For one, all USN horizontal surfaces are a different color than verticals. During much of WWII, that was a dark blue color, and wooden decks were stained a version of that color. Even Measure 21, overall blue had darker decks than sides.
If this to be a post-war paint job, then she should have 96" tall shaded hull numbers, not the 36" unshaded war-time numerals. She ought to have draft markings, as well. But, this could be modified to Measure 22, which would be a good end-of-war paint scheme (and one for which reference materials abound, see: http://www.history.navy.mil/photos/images/i05000/i05560.jpg
To keep the wooden decks wooden, the choice would be as she is now, a museum ship, but, she'd have significantly different weathering, too. (Not like the weathering that occurs with 1800 hands on board, with what was probably a six-division Deck Department to keep the ship in paint and the like). Or, render her as on her maiden voyage, see the photo linked below.

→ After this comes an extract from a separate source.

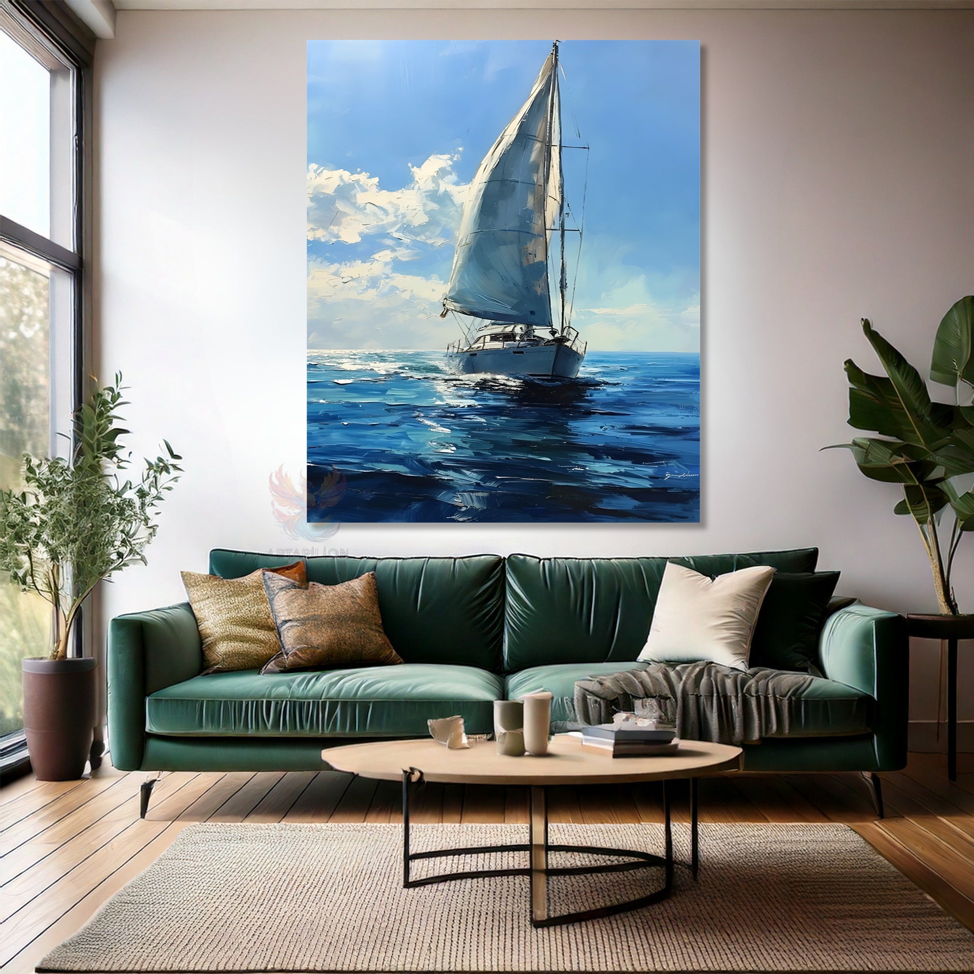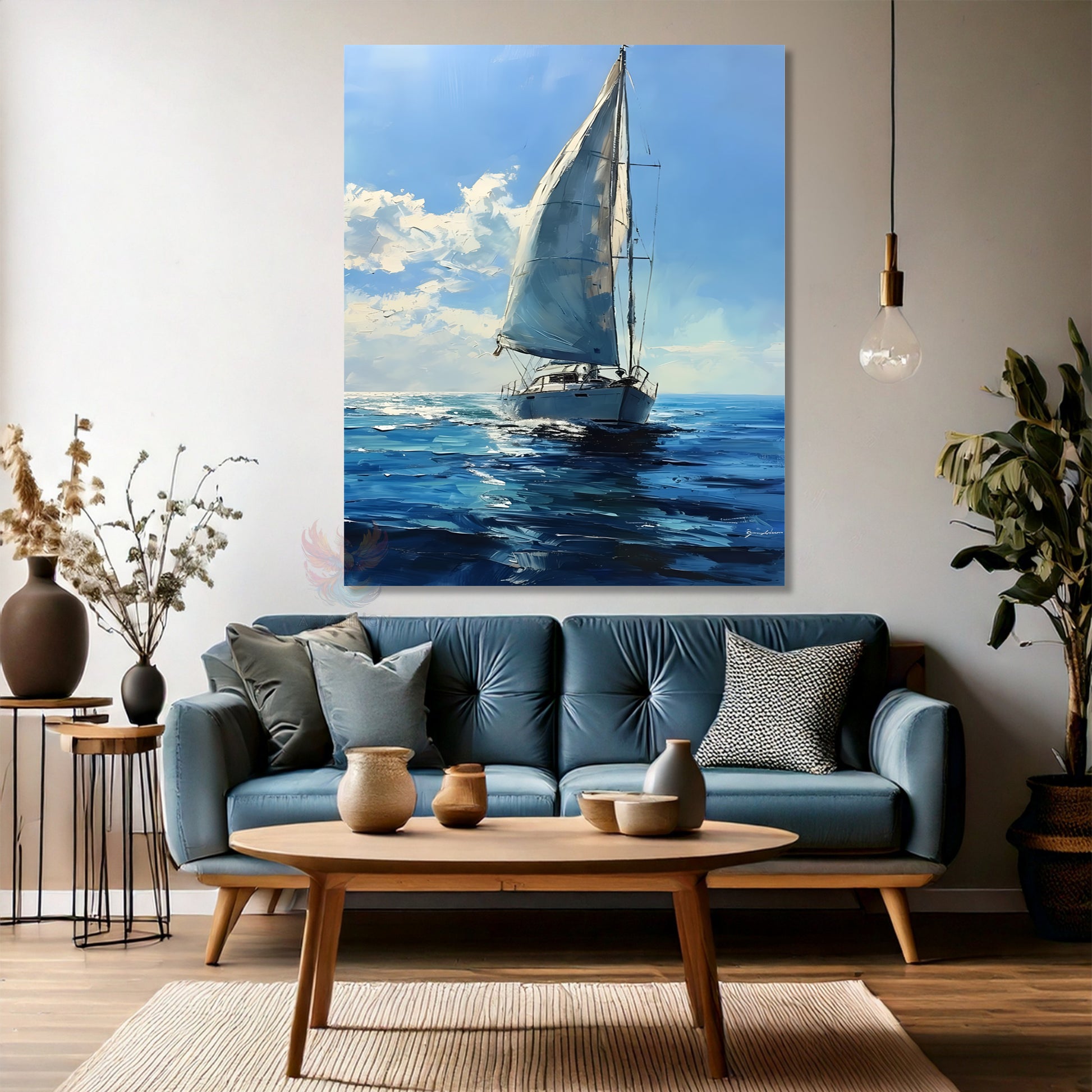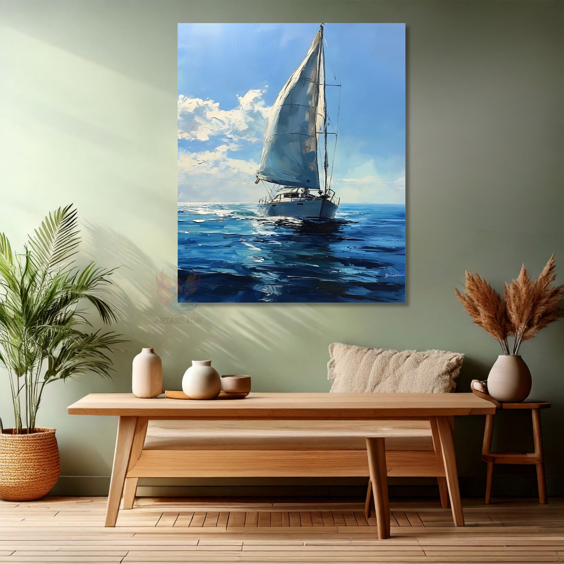 Kanvas Dikey Duvar Tablosu Kanvas Yağlıboya Görünümlü Yelkenli Ev Ofis Salon Modern Duvar Tablosu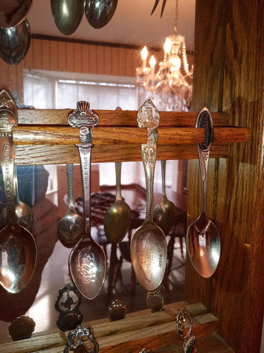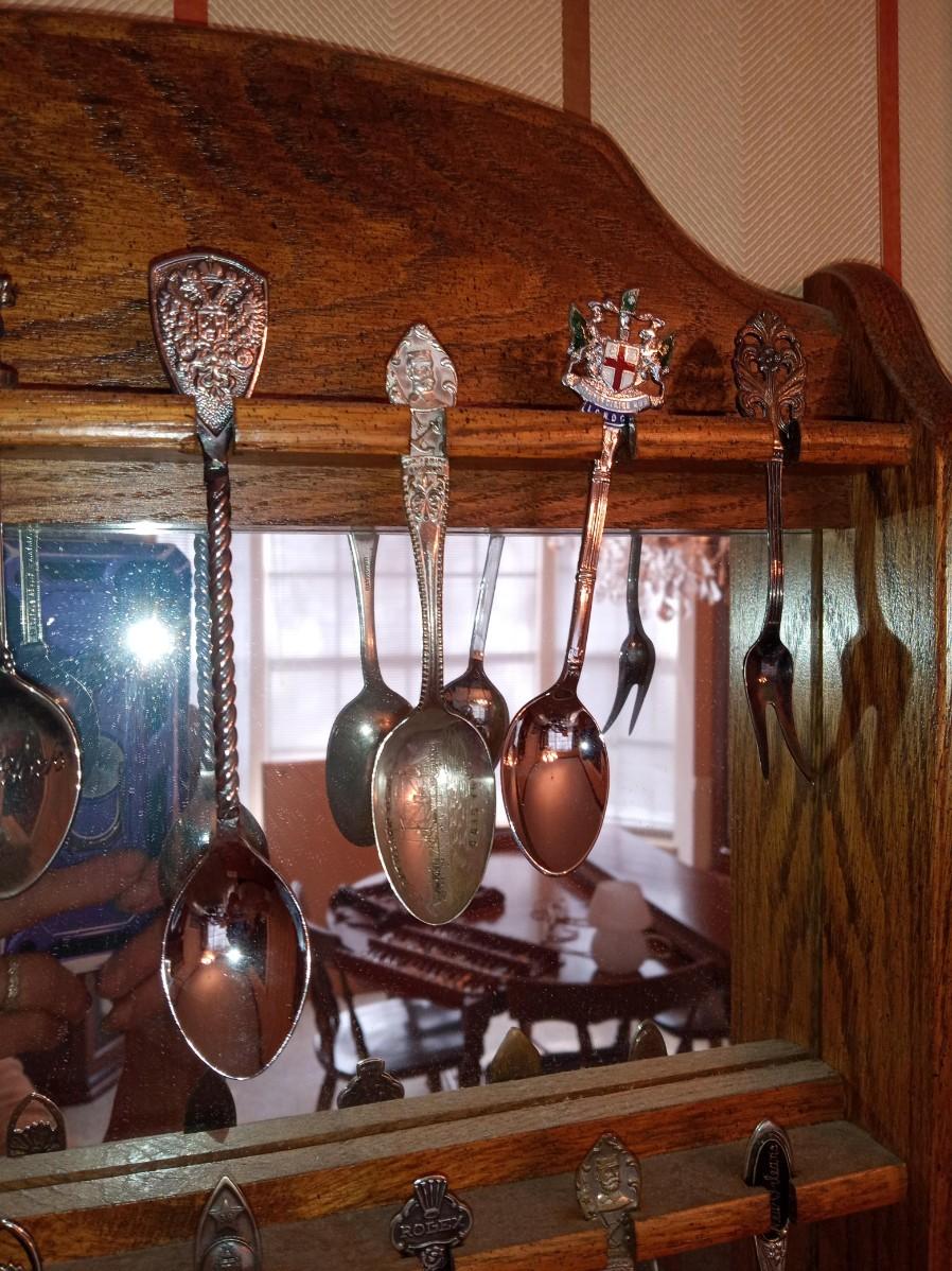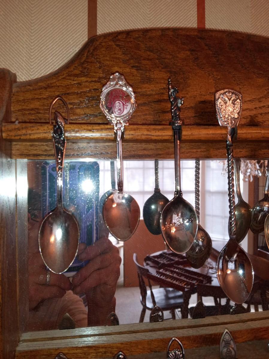 SOUVENIER SPOONS AND A MIRRORED HOLDER

The paravanes stowed just behind the breakwater ought to be a flat red, or a half-red, half-grey, with the other paravane half green-half grey. The capstans have bronze bodies, too. This is a missed oppertunity for color on otherwise bland vessels. Ought to be non-skid to protect the decks from the anchor chain, too. See: http://www.history.navy.mil/photos/images/k13000/k13971.jpg
She needs either a flagstaff aft, or the jackstaff folded and secured--not half-and half. The Colors flown from the aft flagstaff will want to be larger than what is flying at the mast, too.